Directions for this task: After finding the line with "Outsunny Barbacoa de" in the data below, set down exactly each line through the one with "MADAM STOLTZ Keramický", inclusive, and stop there.
[[ Provided records open ]]
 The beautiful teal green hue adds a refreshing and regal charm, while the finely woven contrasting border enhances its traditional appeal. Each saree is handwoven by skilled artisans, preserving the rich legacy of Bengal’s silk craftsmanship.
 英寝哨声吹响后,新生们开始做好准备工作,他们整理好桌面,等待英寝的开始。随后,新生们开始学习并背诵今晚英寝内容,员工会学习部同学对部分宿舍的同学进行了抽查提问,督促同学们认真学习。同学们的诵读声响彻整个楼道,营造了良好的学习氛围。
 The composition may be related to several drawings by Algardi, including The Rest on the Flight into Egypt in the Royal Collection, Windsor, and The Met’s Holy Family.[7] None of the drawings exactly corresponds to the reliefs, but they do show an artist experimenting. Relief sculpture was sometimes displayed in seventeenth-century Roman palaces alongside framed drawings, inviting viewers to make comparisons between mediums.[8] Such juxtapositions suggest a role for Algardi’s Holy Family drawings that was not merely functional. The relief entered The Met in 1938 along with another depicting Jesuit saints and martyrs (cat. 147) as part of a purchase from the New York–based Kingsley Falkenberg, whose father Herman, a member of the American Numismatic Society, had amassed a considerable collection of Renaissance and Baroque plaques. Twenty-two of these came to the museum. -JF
[[ Provided records closed ]]
[[ Provided records open ]]
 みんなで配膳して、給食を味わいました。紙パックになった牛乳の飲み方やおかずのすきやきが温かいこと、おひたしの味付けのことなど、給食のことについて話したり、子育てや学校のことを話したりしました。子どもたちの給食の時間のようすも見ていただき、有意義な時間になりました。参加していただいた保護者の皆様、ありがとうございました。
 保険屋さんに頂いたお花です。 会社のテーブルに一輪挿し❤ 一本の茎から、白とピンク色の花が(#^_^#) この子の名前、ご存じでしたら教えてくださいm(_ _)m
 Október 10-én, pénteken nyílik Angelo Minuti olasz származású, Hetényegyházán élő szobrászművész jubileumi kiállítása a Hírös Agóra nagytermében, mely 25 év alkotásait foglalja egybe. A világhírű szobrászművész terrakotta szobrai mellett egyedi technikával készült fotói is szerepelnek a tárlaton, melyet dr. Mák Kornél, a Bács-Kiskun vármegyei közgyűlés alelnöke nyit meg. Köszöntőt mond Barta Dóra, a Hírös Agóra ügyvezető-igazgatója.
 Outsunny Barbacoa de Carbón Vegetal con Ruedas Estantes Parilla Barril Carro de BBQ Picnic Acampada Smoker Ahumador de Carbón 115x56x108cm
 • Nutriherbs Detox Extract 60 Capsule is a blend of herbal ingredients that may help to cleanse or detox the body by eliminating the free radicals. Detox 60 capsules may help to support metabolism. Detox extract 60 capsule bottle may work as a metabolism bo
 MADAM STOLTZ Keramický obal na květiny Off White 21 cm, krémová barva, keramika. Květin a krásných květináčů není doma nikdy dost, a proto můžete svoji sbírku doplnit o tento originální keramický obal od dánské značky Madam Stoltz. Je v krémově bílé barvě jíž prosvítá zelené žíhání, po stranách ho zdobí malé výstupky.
[[ Provided records closed ]]
[[ Provided records open ]]
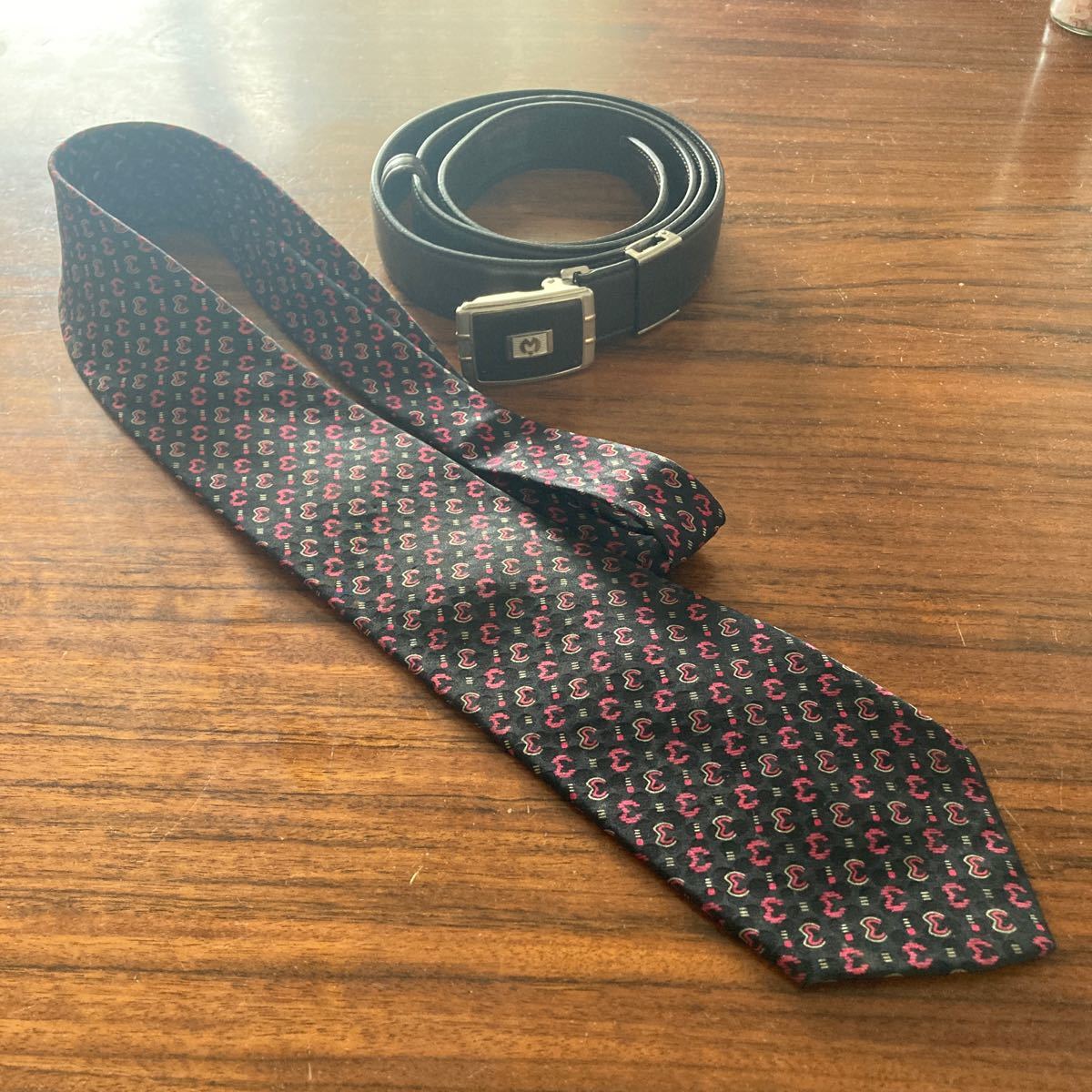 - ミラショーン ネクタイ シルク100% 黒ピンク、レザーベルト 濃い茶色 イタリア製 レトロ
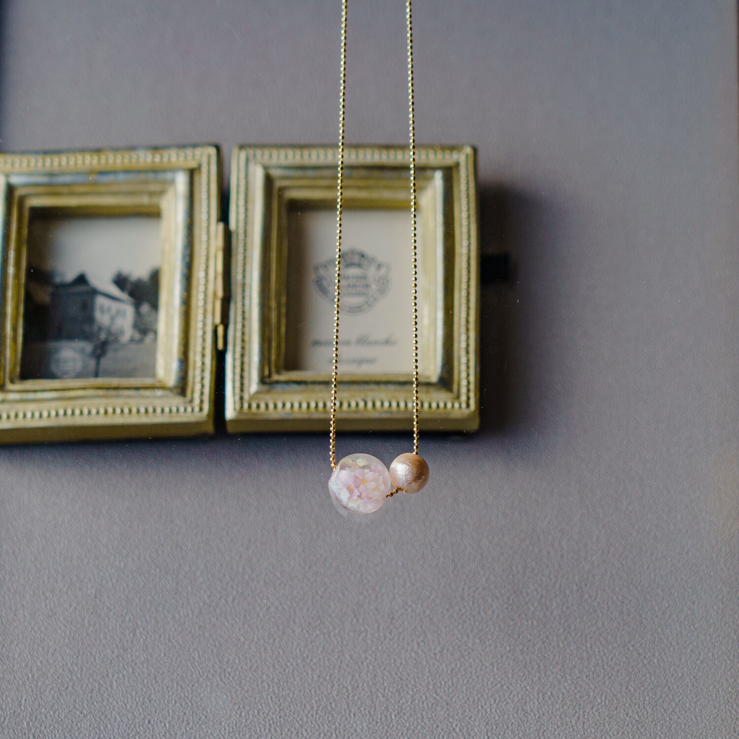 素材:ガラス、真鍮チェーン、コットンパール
[[ Provided records closed ]]
The completed task:
 Outsunny Barbacoa de Carbón Vegetal con Ruedas Estantes Parilla Barril Carro de BBQ Picnic Acampada Smoker Ahumador de Carbón 115x56x108cm
 • Nutriherbs Detox Extract 60 Capsule is a blend of herbal ingredients that may help to cleanse or detox the body by eliminating the free radicals. Detox 60 capsules may help to support metabolism. Detox extract 60 capsule bottle may work as a metabolism bo
 MADAM STOLTZ Keramický obal na květiny Off White 21 cm, krémová barva, keramika. Květin a krásných květináčů není doma nikdy dost, a proto můžete svoji sbírku doplnit o tento originální keramický obal od dánské značky Madam Stoltz. Je v krémově bílé barvě jíž prosvítá zelené žíhání, po stranách ho zdobí malé výstupky.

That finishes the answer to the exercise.